* Task brief
I'd like the data beneath this line reproduced exactly, without any of its images.

*** Begin section ***

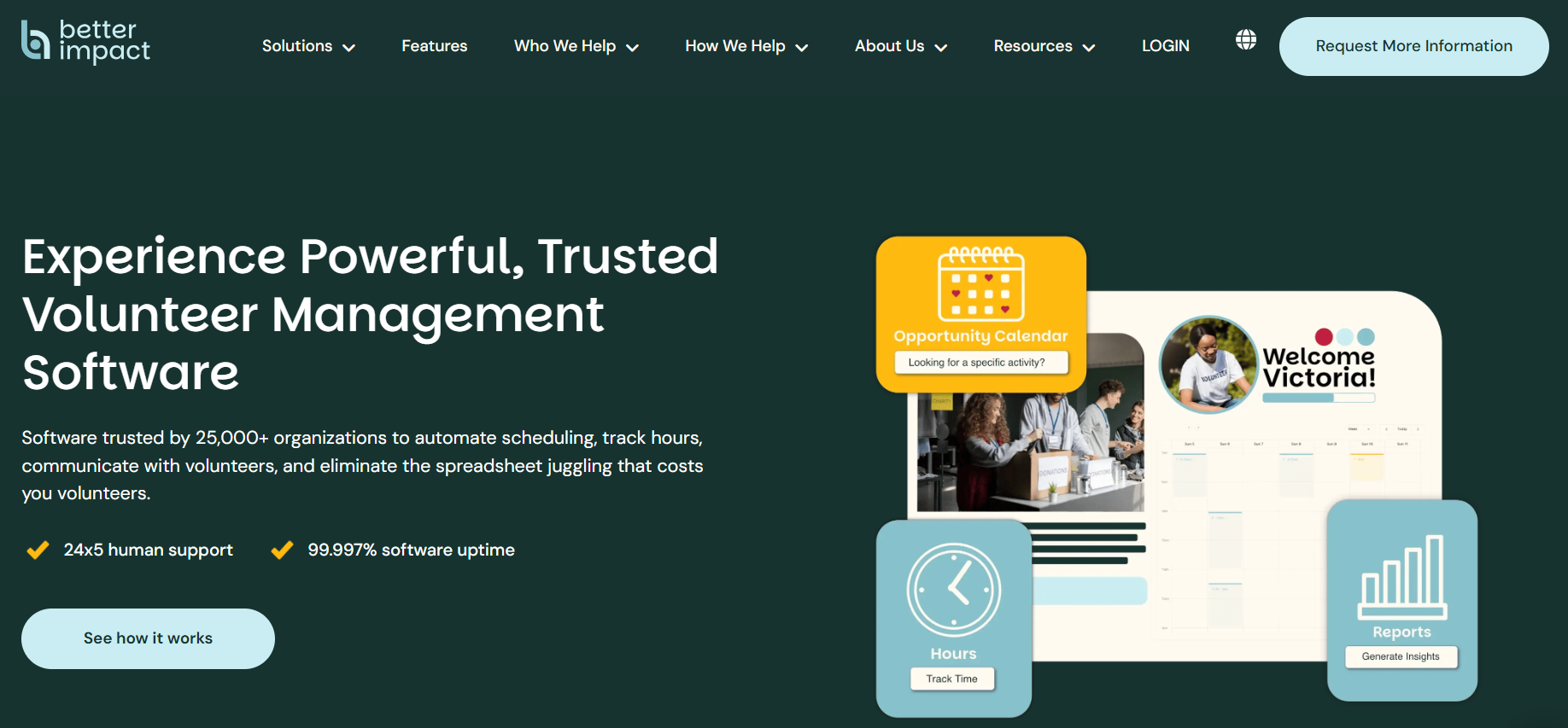 Better Impact’s “Volunteer Impact” system helps nonprofits engage volunteers, track activity, and generate customizable reports. It’s designed for organizations that need detailed and secure data management as well as a wide range of reporting templates.
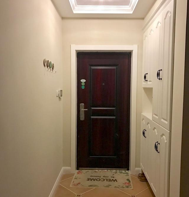 進(jìn)門一個小小的玄關(guān),左手邊是定制的嵌入式鞋柜,右手邊安了幾個掛鉤可以掛衣服和包包等。
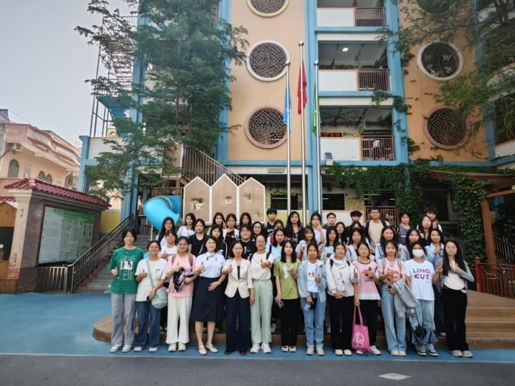 2025年4月14日至18日,我校2024级学前教育专业60余名师生在蒋仕全、皮陆杨、代静等专业教师的带领下,在茂名、佛山、中山三地优质幼儿园开展了为期一周的专业见习活动。此次活动以"深化专业认知、锤炼实践能力"为目标,通过多园所、多模式的实地研学,为学生搭建起理论联系实践的成长桥梁。
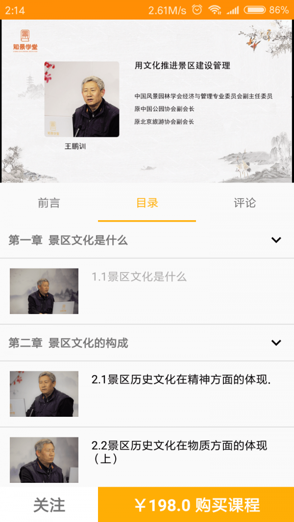 知景学堂app是一款提供专业的旅游景区行业知识的软件平台。知景学堂app标准课程之外的辅助课程,多角度,多维度丰富您的知识结构。
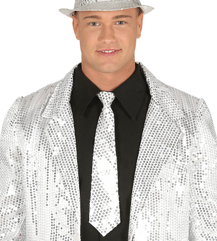 Zilveren Stropdas Glitter Paillet
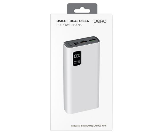 Внешний аккумулятор PERO PB06 20000 mAh, Li-Pol, output USB-C + 2 USB-A, белый
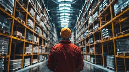 Worker in Warehouse During Daytime with Shelves Full of Boxes
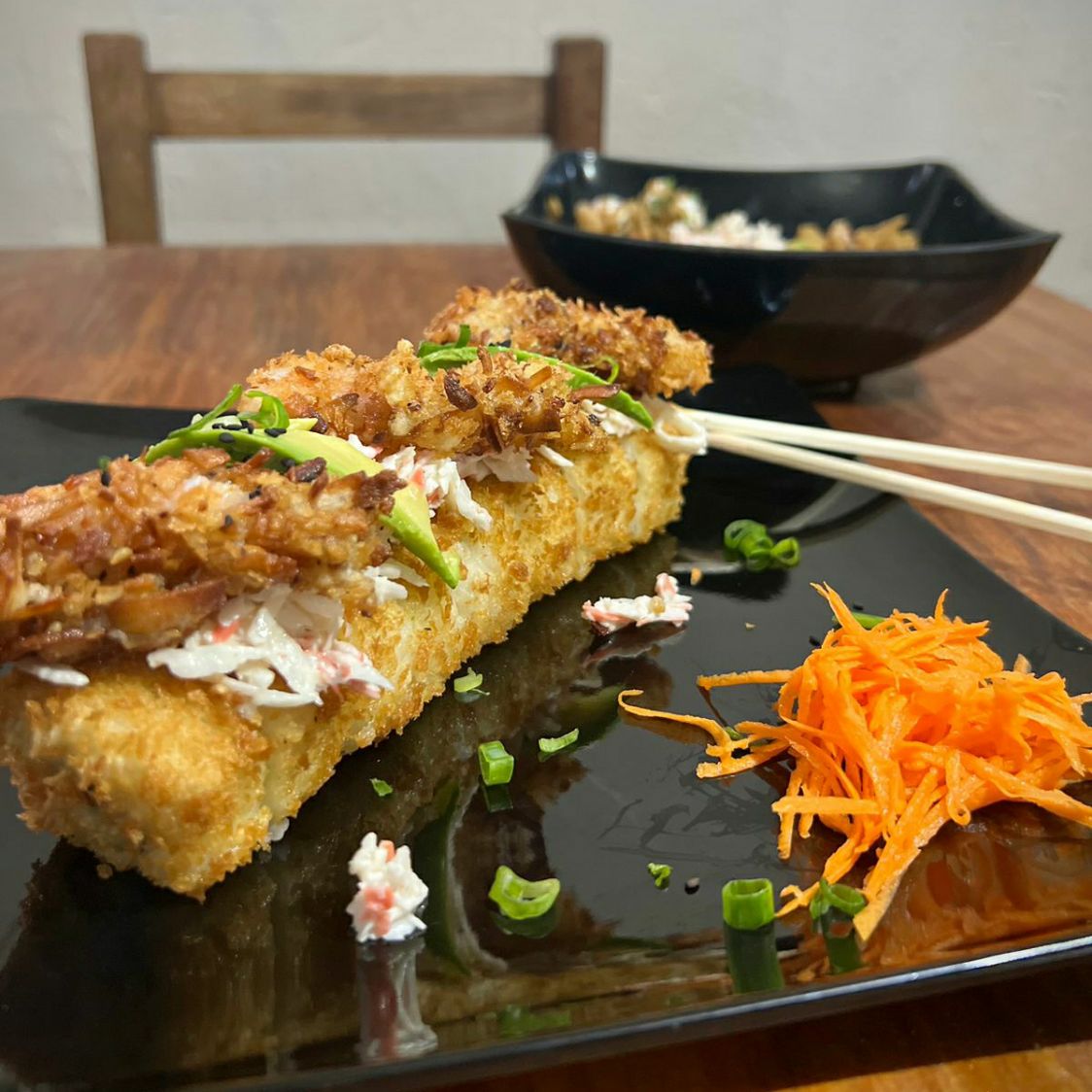 Rollo empanizado 10 piezas, por dentro verdura y camaro,por fuera ensalada tampico, aguacate y camarones al coco
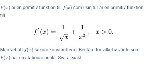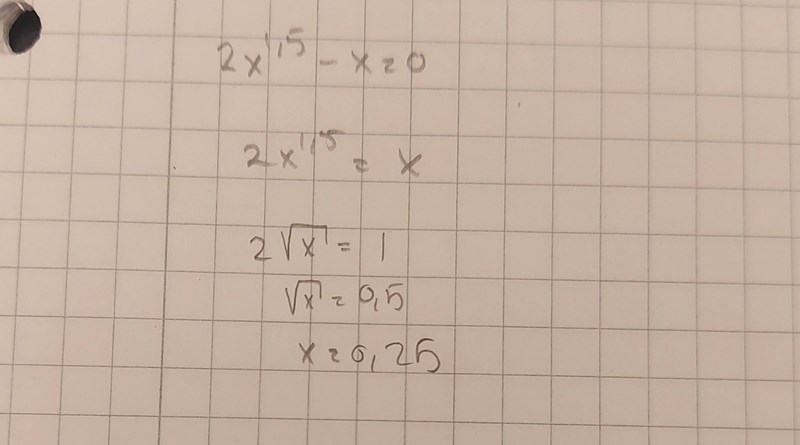 Svaret ska då bli lösningen på denna (2x^0.5)-(x^-1)=0
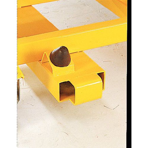 Auf Rollen mit Polyurethanlauffläche, Durchmesser 16 mm (2 feste, 2 Lenkrollen) mit Schiebebügel und Roll-On/Roll-Off-System vorn.
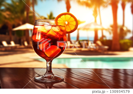A cozy glass of freshly brewed tea resting on a wooden table in the warm afternoon sunlight
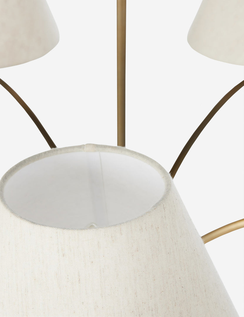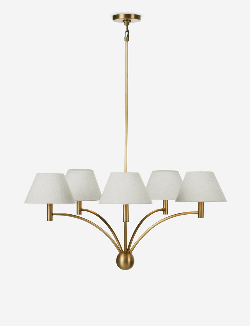 The Fanning chandelier cuts an elegant silhouette overhead with curved arms and central ball detail. The classic lines of the frame are topped with low tapered shades for transitional appeal. This versatile chandelier design can be mounted on slanted ceilings or as a flush mount fixture.

*** End section ***

* Finished exercise
 Better Impact’s “Volunteer Impact” system helps nonprofits engage volunteers, track activity, and generate customizable reports. It’s designed for organizations that need detailed and secure data management as well as a wide range of reporting templates.
 進(jìn)門一個小小的玄關(guān),左手邊是定制的嵌入式鞋柜,右手邊安了幾個掛鉤可以掛衣服和包包等。
 2025年4月14日至18日,我校2024级学前教育专业60余名师生在蒋仕全、皮陆杨、代静等专业教师的带领下,在茂名、佛山、中山三地优质幼儿园开展了为期一周的专业见习活动。此次活动以"深化专业认知、锤炼实践能力"为目标,通过多园所、多模式的实地研学,为学生搭建起理论联系实践的成长桥梁。
 知景学堂app是一款提供专业的旅游景区行业知识的软件平台。知景学堂app标准课程之外的辅助课程,多角度,多维度丰富您的知识结构。
 Zilveren Stropdas Glitter Paillet
 Внешний аккумулятор PERO PB06 20000 mAh, Li-Pol, output USB-C + 2 USB-A, белый
 Worker in Warehouse During Daytime with Shelves Full of Boxes
 Rollo empanizado 10 piezas, por dentro verdura y camaro,por fuera ensalada tampico, aguacate y camarones al coco
 Svaret ska då bli lösningen på denna (2x^0.5)-(x^-1)=0
 Auf Rollen mit Polyurethanlauffläche, Durchmesser 16 mm (2 feste, 2 Lenkrollen) mit Schiebebügel und Roll-On/Roll-Off-System vorn.
A cozy glass of freshly brewed tea resting on a wooden table in the warm afternoon sunlight
 The Fanning chandelier cuts an elegant silhouette overhead with curved arms and central ball detail. The classic lines of the frame are topped with low tapered shades for transitional appeal. This versatile chandelier design can be mounted on slanted ceilings or as a flush mount fixture.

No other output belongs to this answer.